1) The heavy truck industry chain business is the company’s traditional main business. In H1 2019, the company’s three major businesses: engine, 杭州夜网论坛 heavy truck, and heavy truck gearboxes accounted for 64% of revenue, and its mother business accounted for 89%. Historically, the companyHeavy truck industry chain business revenue, performance and heavy truck sales are highly correlated, changing with the heavy truck cycle.

2) From the top down, we think the renewal demand will support the sales of heavy trucks in the next three years.

According to our calculations, we think that the renewal demand for heavy trucks is at 8?
In 9 years, it is expected that the center for the renewal demand for heavy trucks in the next three years will be more than 800,000, compared with 2010?
The 2018 update demand hub (410,000) has doubled.

We conservatively predict that the sales volume of heavy trucks will remain at about one million in the next three years.
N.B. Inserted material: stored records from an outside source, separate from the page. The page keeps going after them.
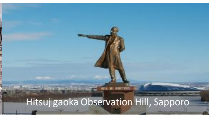
Hitsujigaoka Observation Hill, Sapporo
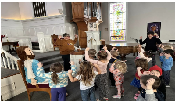
Our Little Wonders in Chapel, and learning imagining about space.
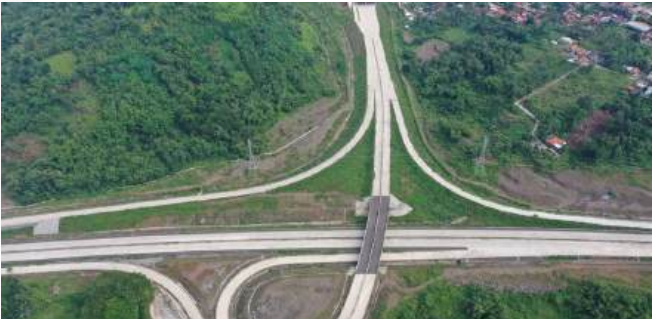
Cisumdawu Toll Road Project Section 3
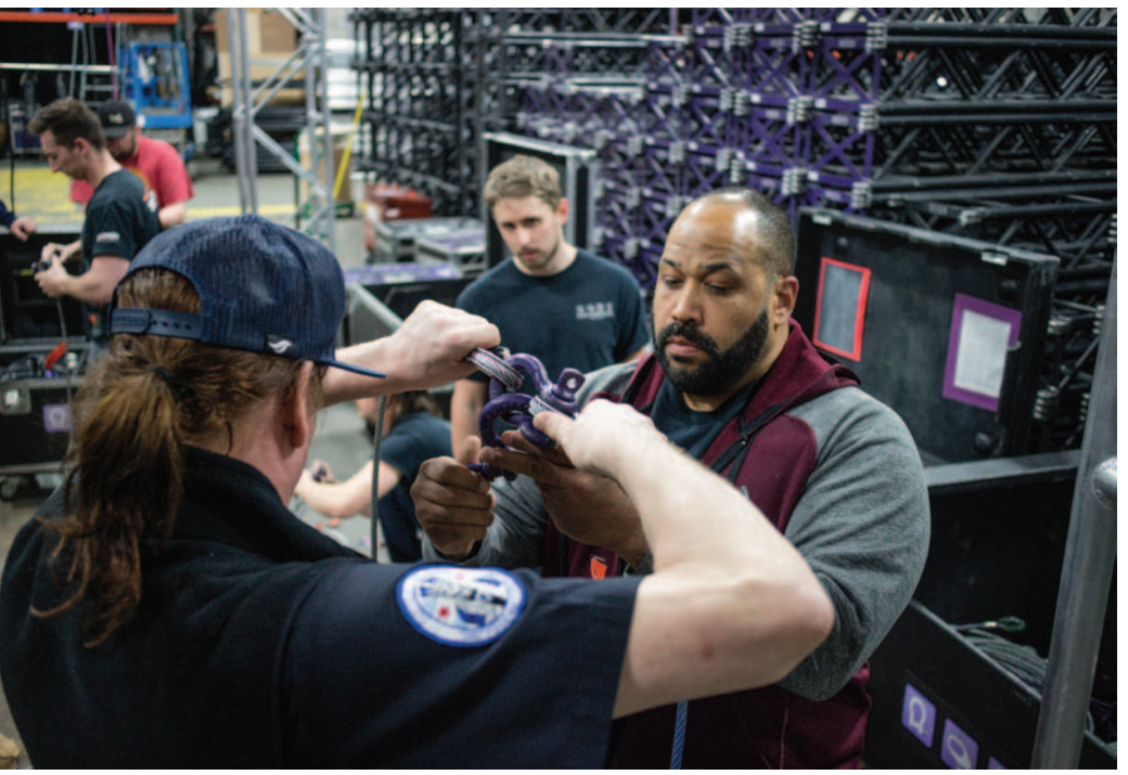
Instructors aren't the only source of information at Reed Rigging training events. Participants teach and learn from each other as well.
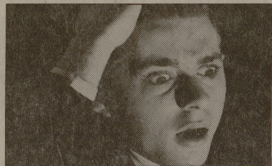
Subject suffering from Credit Card Theft Nervosa.

The Citibank Classic Visa® instills in students feelings of safety, security, and general wellness not unlike those experienced in the womb. Therefore, it is the mother of all credit cards. ¶ Some experts attribute these feelings to the Citibank Photocard , the first credit card with your photo on it. A voice inside says, "This is me, really me." (As opposed to, "Who the heck is that?"—a common response to the
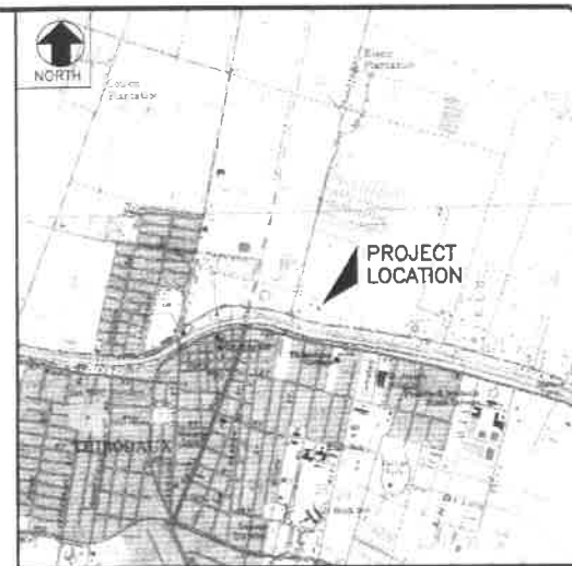
VICINITY MAP SCALE 1" = 2000'
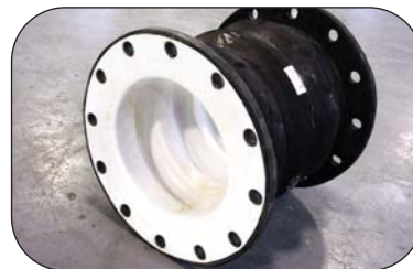
Rubber PTFE Lined Expansion Joint
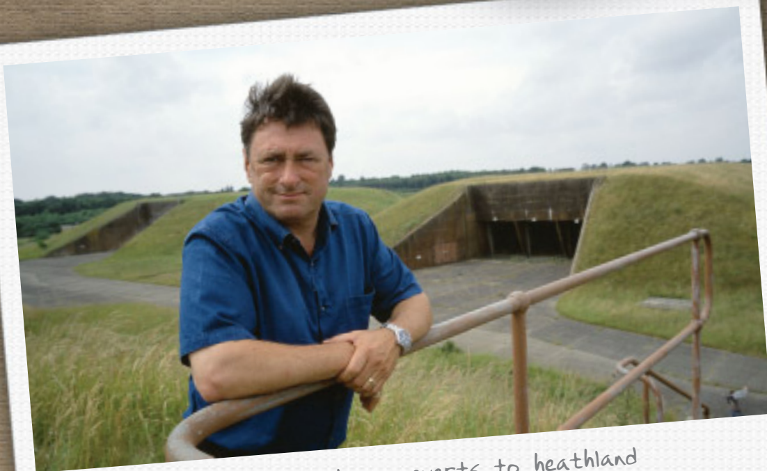
Greenham Common, Berkshire, reverts to heathland

"I've navigated a narrow boat on an aqueduct in Wales hundreds of feet above the ground; descended into the darkness of Gaping Ghyll; and flown over the Hebrides in a jet fighter"
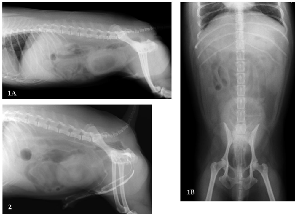
Figure 1A, B Right lateral and ventrodorsal abdominal radiographs

Plain right lateral and ventrodorsal views of abdominal radiographs were taken to evaluate the urinary tract abnormalities and positive contrast urethrography was performed to investigate the cause of urethral obstruction.
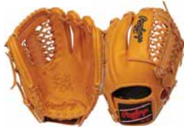
PROR205-4T PROR205-4T-RH 11¾" 200 PATTERN • Modified Trap-Eze® Web • Narrow Fit
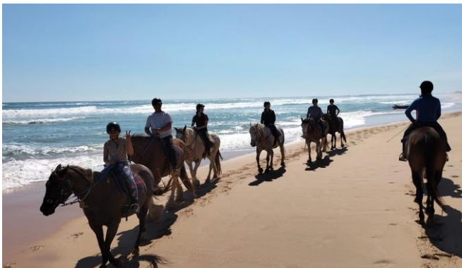
A beach horse ride with my niece
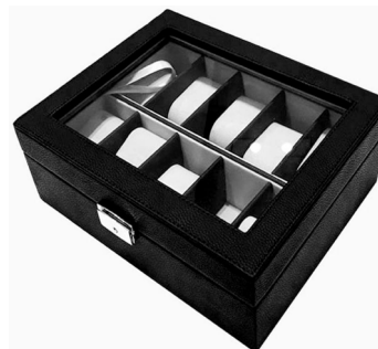
Sleek organizers for your dad's favorite watch collection.

The sales volume of heavy trucks in 2019-2021 will be 109,104,980,000, which will decrease by 5% every year.

3) From the bottom up, Weichai’s major customers (FAW, Shaanxi Automobile, and Foton) will increase their market share and increase the supporting ratio of heavy trucks (Tan Xuguang, Chairman of Weichai, chairman of Sinotruk) will upgrade Weichai EngineThe market share and the increase in the proportion of large displacement products will boost the company’s profitability. It is expected that the company’s heavy truck industry chain business will exceed the heavy truck cycle.
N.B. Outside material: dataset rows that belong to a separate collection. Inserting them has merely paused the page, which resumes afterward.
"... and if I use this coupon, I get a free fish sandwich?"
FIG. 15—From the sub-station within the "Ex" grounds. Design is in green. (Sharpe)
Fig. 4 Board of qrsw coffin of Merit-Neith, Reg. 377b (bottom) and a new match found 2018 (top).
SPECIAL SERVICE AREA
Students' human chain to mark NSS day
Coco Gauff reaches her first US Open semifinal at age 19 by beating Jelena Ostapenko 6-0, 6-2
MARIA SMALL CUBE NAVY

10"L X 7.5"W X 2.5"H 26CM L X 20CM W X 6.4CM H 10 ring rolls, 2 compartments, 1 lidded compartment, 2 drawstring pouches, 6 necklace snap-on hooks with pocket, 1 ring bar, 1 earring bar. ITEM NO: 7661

The integration of intelligent logistics business was successful, opening new points.

1) The company entered the field of forklifts through the acquisition of KION, and since its consolidation, KION’s revenue has grown steadily.
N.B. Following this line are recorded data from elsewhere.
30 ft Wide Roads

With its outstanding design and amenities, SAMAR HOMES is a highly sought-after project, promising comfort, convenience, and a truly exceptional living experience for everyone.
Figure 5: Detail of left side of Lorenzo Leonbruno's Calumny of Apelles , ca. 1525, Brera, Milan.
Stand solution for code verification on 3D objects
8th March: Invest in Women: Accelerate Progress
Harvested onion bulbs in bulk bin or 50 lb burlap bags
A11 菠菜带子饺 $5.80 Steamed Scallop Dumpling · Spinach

The forklift industry is gradually weakening, and it is a growth alternative.In 2018, KION forklifts accounted for 14% of the global market restructuring. Thanks to KION’s layout in India and China, and its competitive advantage in electric forklifts (the global market share of electric forklifts19%), KION ‘s global market share is expected to further increase in the future.

2) The company cut into the field of material handling automation through the acquisition of Dematic, benefiting from the high growth of e-commerce, the logistics and handling automation industry maintained high growth, and Dematic’s revenue maintained steady growth. H1 revenue in 2019 increased by 15%.

3) KION and Dematic are respectively leaders in forklift trucks and material handling automation. The two-way downstream customers have low overlap and different geographical advantages. After the acquisition of Dematic, KION has complementary advantages and expects synergies in the future.

The Air Force, as the core of communication, transportation, power generation and energy storage, will develop rapidly under the promotion of policies.

Weichai has both geographical advantages (Shandong), resource advantages (Shandong state-owned enterprises in Shandong Province), technological advantages (leading of heavy truck industry chain + Ballard technical support), and fuel cell business is expected in the future.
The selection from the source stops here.